● Task objective
From the data below, set down exactly the lines between the one holding "Champion Fleece Sweatshirt" and the one holding "Tony Trimm. |", inclusive, and no others.

● Records

_ _ _ _

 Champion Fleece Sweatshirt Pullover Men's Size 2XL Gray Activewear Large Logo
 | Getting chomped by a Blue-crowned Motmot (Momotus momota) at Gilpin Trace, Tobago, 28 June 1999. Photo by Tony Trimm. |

_ _ _ _

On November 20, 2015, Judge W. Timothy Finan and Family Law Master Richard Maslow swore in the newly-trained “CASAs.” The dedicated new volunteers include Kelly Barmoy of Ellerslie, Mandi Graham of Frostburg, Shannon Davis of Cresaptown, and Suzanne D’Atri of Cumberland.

_ _ _ _

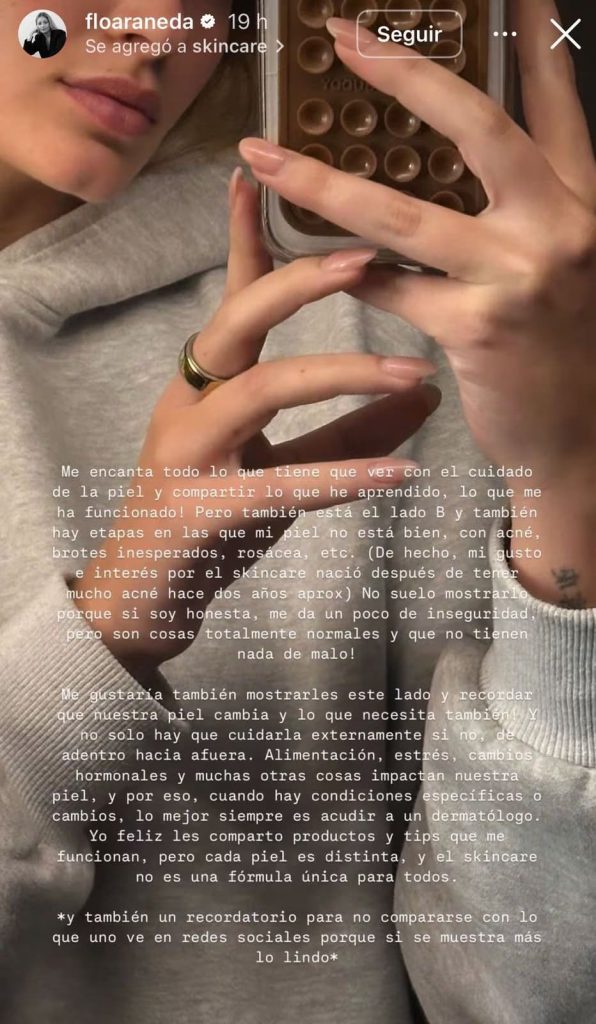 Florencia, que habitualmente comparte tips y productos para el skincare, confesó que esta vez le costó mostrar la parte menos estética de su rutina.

_ _ _ _

● Task solution
 Champion Fleece Sweatshirt Pullover Men's Size 2XL Gray Activewear Large Logo
 | Getting chomped by a Blue-crowned Motmot (Momotus momota) at Gilpin Trace, Tobago, 28 June 1999. Photo by Tony Trimm. |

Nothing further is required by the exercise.